Decreasing Aerosol Water Is Consistent with OC Trends in the Southeast U.S

• Published in: Environmental science & technology Vol. 49; no. 13; pp. 7843 - 7850
• Main Authors: Nguyen, Thien Khoi V, Capps, Shannon L, Carlton, Annmarie G
• Format: Journal Article
• Language: English
• Published: United States American Chemical Society 07.07.2015
• Subjects: Aerosols; Aerosols - chemistry; Atmospheric aerosols; Atmospheric chemistry; Light; Models, Theoretical; Organic Chemicals - chemistry; Particulate Matter - analysis; Regression Analysis; Scattering; Southeastern United States; Thermodynamics; Trends; Water; Water - chemistry; United States > US
• ISSN: 0013-936X; 1520-5851
• DOI: 10.1021/acs.est.5b00828

Water is a ubiquitous and abundant component of atmospheric aerosols.
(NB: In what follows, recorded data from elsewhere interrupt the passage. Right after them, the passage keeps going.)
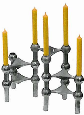
STECKLING Fifties-Kerzenhalter zum Zusammenstecken. Über Jetlag, 45 Euro.
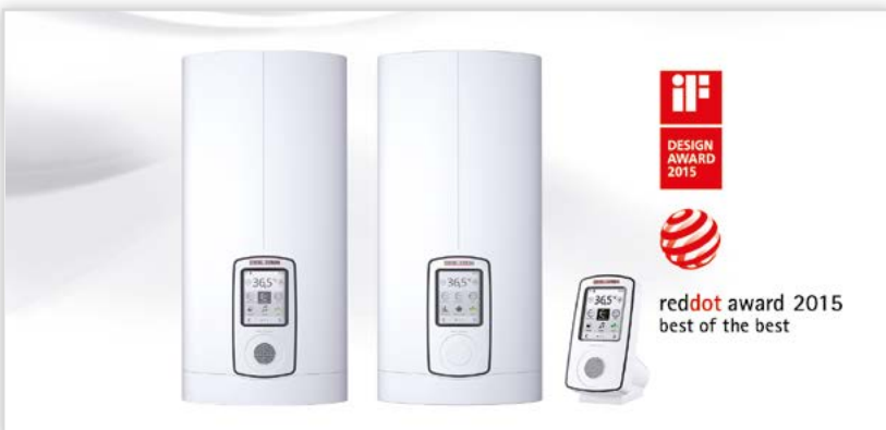
Elektroniczne ogrzewacze przepływowe DHE Connect, DHE Otuch. Światowa nowość już w Polsce: 2 super komfortowe, elektroniczne ogrzewacze przepływowe w technologii 4i, o mocach 18/21/24 kW w jednym urządzeniu oraz 27 kW. Płynna, bezstopniowa regulacja temperatury w zakresie 20-60°C w odstępach co 0,5°C. DHE Connect: graficzny wyświetlacz, funkcje ECO, wbudowane głośniki, pogoda, muzyka, radio internetowe, indywidualny programator, zdalne sterowanie, programy prysznicowe Wellness, automatyka napełniania wanny, programy czasowe. Wskaźnik niebezpieczeństwa poparzenia, przy temperaturze powyżej 43°C. DHE Touch: jak DHE Connect, bez głośników, połączenia WIFI, pogody, radia i muzyki. Pozostałe funkcje identyczne.
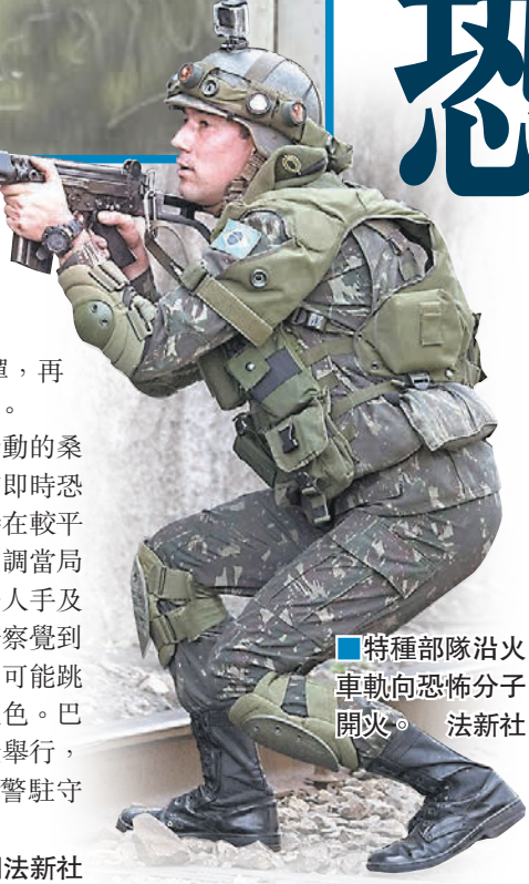
■特種部隊沿火車軌向恐怖分子開火。

巴西里約熱內盧奧運揭幕在即，當局繼續加強保安措施，前日在鄰近里約奧運比賽場地的德奧多魯火車站舉行反恐演習。軍方反恐部門指揮官辛諾特表示，今次屬區內演習，與當地以舉球賽前所進行的演習相同，有助保安人員適應實戰環境。 演習模擬兩名恐怖分子在火車內引爆炸彈，然後開槍掃射乘客。10多名士兵先到場戒備，特種部隊再用直升機趕赴現場，聽取匯報後作出部署。
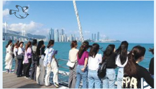
☆ 釜山シティツアー
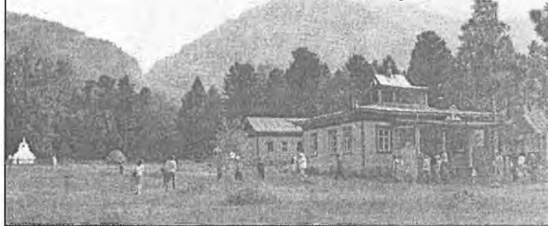
Хойморский дацан «Бодхидхарма», пос. Аршан, Тункинский район.

в последние годы, когда получила развитие новая экономика с ее прагматизмом и глобальным характером, один из объектов - гора Мунку-Сардык - стала привлекать внимание жителей не только соседних, но и отдаленных регионов, включая представителей различных конфессий. На вершине священной для бурят и сойотов горы устанавливаются несанкционированные и не связанные с традиционной историей и культурой этих мест сооружения. Все это вызывает беспокойство коренных жителей Тунки и Оки. Межконфессиональное и межнациональное согласие и в Бурятии не должно нарушаться. Об этом, в частности, говорилось на международной научно-практической конференции «Межконфессиональные отношения на рубеже тысячелетий», прошедшей в июне 2007 г. в Бурятском государственном университете.
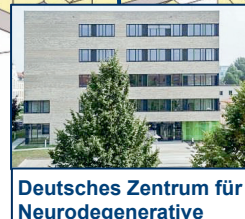
Deutsches Zentrum für Neurodegenerative Erkrankungen (DZNE) Haus 64
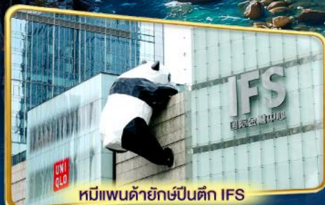
หมีแพนด้ายักษ์ปีนตึก IFS
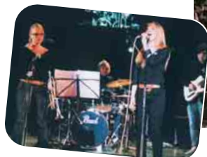
オーデンセ市音楽学校の皆さんによるジャズの演奏
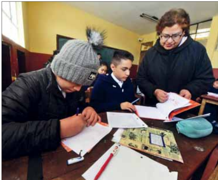
FRÍO. Los estudiantes volverán a clases recién el 29 de julio.

El calendario escolar 2024 contemplaba solo dos semanas de descanso pedagógico desde el 1 de julio. No obstante, el descenso de las temperaturas y el incremento de infecciones respiratorias obligó a una primera ampliación por una semana. Y ayer, los informes determinaron prolongar por otra semana el descanso pedagógico de invierno para los estudiantes.

It influences light scattering, the hydrological cycle, atmospheric chemistry, and secondary particulate matter (PM) formation. Despite the critical importance of aerosol liquid water, mass concentrations are not well-known. Using speciated ion and meteorological data from the Southeastern Aerosol Research and Characterization network, we employ the thermodynamic model ISORROPIAv2.1 to estimate water mass concentrations and evaluate trends from 2001 to 2012 in urban and rural locations. The purpose of this study is to better understand the historical trends of aerosol liquid water in the southeast U.S. in the context of improved air quality and recently noted reductions in particulate organic carbon (OC). Aerosol water mass concentrations decrease by ∼79% from 2001 to 2012 in the region. Decreases are more prominent in rural than in urban areas. Fractional contribution of water to PM also decreases during the same time period, and this is consistent with recently noted improvements in visibility. These findings agree with the hypotheses that aerosol liquid water facilitates formation of biogenic secondary organic aerosol (SOA) and that biogenically derived SOA is modulated in the presence of anthropogenic perturbations.